#### Input material:
• • • • •
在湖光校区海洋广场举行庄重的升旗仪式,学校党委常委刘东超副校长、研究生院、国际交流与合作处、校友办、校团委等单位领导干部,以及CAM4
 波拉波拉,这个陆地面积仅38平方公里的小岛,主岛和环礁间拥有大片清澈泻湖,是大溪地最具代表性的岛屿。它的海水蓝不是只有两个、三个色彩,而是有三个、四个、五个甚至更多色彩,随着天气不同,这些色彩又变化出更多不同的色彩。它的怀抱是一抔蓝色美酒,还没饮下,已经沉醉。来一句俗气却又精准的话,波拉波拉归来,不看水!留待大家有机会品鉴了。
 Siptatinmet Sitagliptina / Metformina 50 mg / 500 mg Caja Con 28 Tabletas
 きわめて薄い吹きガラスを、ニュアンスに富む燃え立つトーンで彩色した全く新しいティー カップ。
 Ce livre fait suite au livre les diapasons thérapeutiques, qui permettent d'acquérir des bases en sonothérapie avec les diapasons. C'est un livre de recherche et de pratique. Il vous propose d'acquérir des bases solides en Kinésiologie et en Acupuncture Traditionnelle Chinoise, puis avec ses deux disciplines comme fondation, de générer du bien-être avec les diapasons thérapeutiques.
• • • • •
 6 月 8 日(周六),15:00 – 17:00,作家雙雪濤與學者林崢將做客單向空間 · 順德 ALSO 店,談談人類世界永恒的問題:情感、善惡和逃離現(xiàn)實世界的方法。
• • • • •
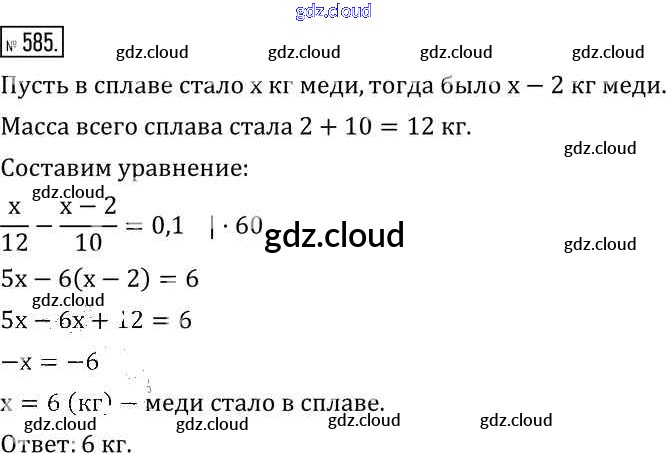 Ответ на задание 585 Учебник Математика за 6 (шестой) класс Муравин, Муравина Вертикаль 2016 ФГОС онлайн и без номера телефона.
• • • • •
#### Assigned task:
Return exactly the lines above from the line that has "きわめて薄い吹きガラスを、ニ" through the line that has "Ce livre fait", inclusive, and nothing else.

#### Output below:
 きわめて薄い吹きガラスを、ニュアンスに富む燃え立つトーンで彩色した全く新しいティー カップ。
 Ce livre fait suite au livre les diapasons thérapeutiques, qui permettent d'acquérir des bases en sonothérapie avec les diapasons. C'est un livre de recherche et de pratique. Il vous propose d'acquérir des bases solides en Kinésiologie et en Acupuncture Traditionnelle Chinoise, puis avec ses deux disciplines comme fondation, de générer du bien-être avec les diapasons thérapeutiques.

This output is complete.